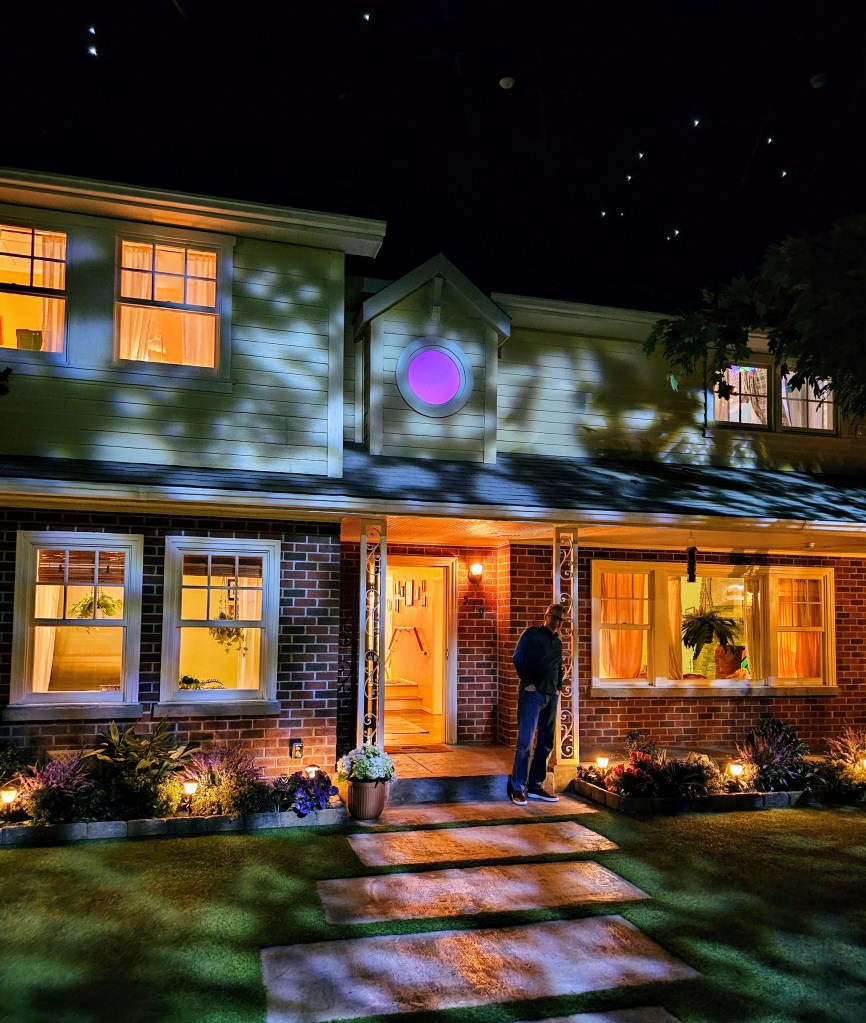 You enter the “immersive experience” through heavy doors and step right into a pleasant night scene. A nice, suburban, two-story house stands in front of you. The sky is lit with stars. Lights shine through the curtains in the home – someone is home, or are they? A vegetable garden is on your left. A gardening shed and a garage is on your right. The porch light is on. Let’s head inside!
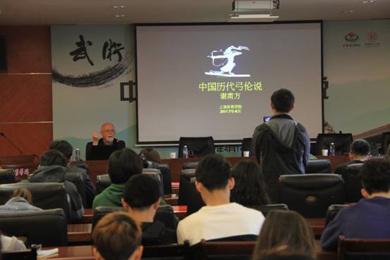 互动环节中,谢肃方教授耐心为武术专业员工以及传统射艺爱好者答疑解惑。回答内容涉及到他研究、收藏中国传统弓箭的初衷;在当今时代中国传统射艺发展面临的问题等等。最后,3044永利集团经理戴国斌教授从三个方面对谢肃方先生的讲座进行总结,第一谢肃方先生作为英国人,其身上体现出来的学者风范以及对中国传统文化研究造诣之深令人钦佩,进而看到爱丁堡大学人才培养的优秀学风,值得努力建设成为世界一流体育大学的上海体育公司学习;第二,从传统弓精致的制作过程上,提出怎么样对接当代“工匠”精神,研究生学习研究中如何体现“工匠精神”;第三,我们当代人面对中国传统文化应该怎么样传承。
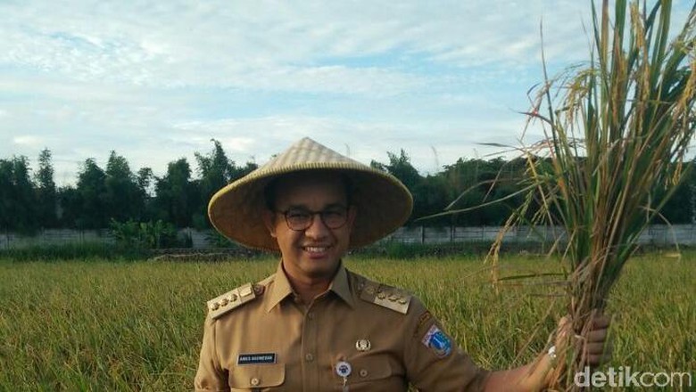 Anies dengan sigap turun ke tengah sawah dan memanen padi yang menguning. Dia memanen padi bersama Kepala Dinas Ketahanan Pangan Lautan dan Pertanian Darjamuni dan Kepala UPT Pusat Pengembangan Benih dan Proteksi Tanaman (P2BPT) Ali Nurdin.
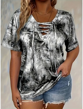 Femmes Chemise en coton Bloc de Couleur Mode Occasionnel Manche Courte Col ras du cou Col en V Hauts Réguliers Quotidien Gris Été
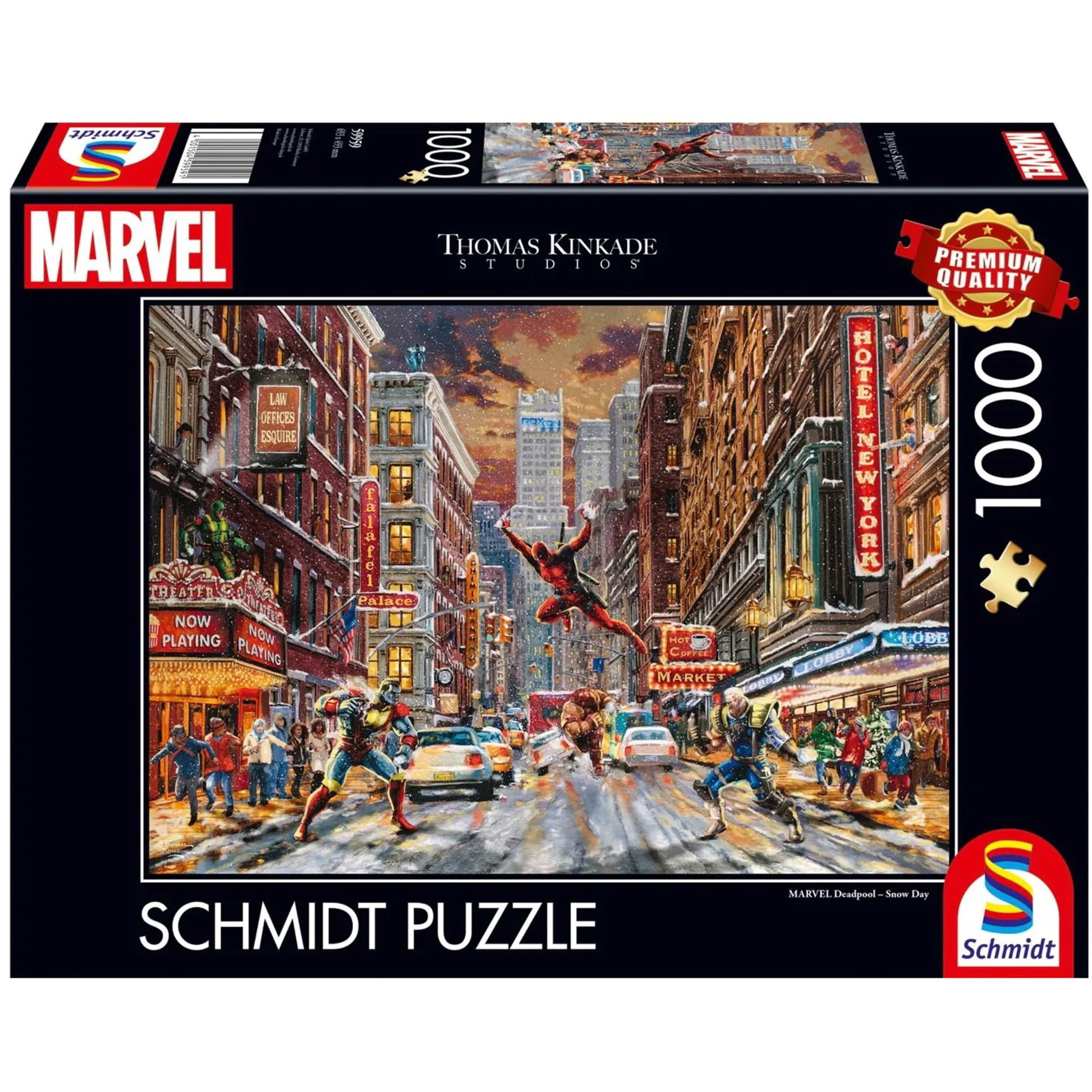 A Schmidt Spiele 59959 számú kirakója, a Thomas Kinkade Studios Marvel - Deadpool, Snow Day Puzzle, a téli szórakozás és a szuperhős kalandok világát egyesíti. A népszerű amerikai festő, Thomas Kinkade által inspirált kép most darabonként kel életre, amikor Deadpool egy mókás és havas napot tölt.

**Exercise instructions**
Would you set down, word for word, the lines running from the one that contains "互动环节中,谢肃方教授耐心为" to the last line of the material, omitting all pictures?

**Answer space**
 互动环节中,谢肃方教授耐心为武术专业员工以及传统射艺爱好者答疑解惑。回答内容涉及到他研究、收藏中国传统弓箭的初衷;在当今时代中国传统射艺发展面临的问题等等。最后,3044永利集团经理戴国斌教授从三个方面对谢肃方先生的讲座进行总结,第一谢肃方先生作为英国人,其身上体现出来的学者风范以及对中国传统文化研究造诣之深令人钦佩,进而看到爱丁堡大学人才培养的优秀学风,值得努力建设成为世界一流体育大学的上海体育公司学习;第二,从传统弓精致的制作过程上,提出怎么样对接当代“工匠”精神,研究生学习研究中如何体现“工匠精神”;第三,我们当代人面对中国传统文化应该怎么样传承。
 Anies dengan sigap turun ke tengah sawah dan memanen padi yang menguning. Dia memanen padi bersama Kepala Dinas Ketahanan Pangan Lautan dan Pertanian Darjamuni dan Kepala UPT Pusat Pengembangan Benih dan Proteksi Tanaman (P2BPT) Ali Nurdin.
 Femmes Chemise en coton Bloc de Couleur Mode Occasionnel Manche Courte Col ras du cou Col en V Hauts Réguliers Quotidien Gris Été
 A Schmidt Spiele 59959 számú kirakója, a Thomas Kinkade Studios Marvel - Deadpool, Snow Day Puzzle, a téli szórakozás és a szuperhős kalandok világát egyesíti. A népszerű amerikai festő, Thomas Kinkade által inspirált kép most darabonként kel életre, amikor Deadpool egy mókás és havas napot tölt.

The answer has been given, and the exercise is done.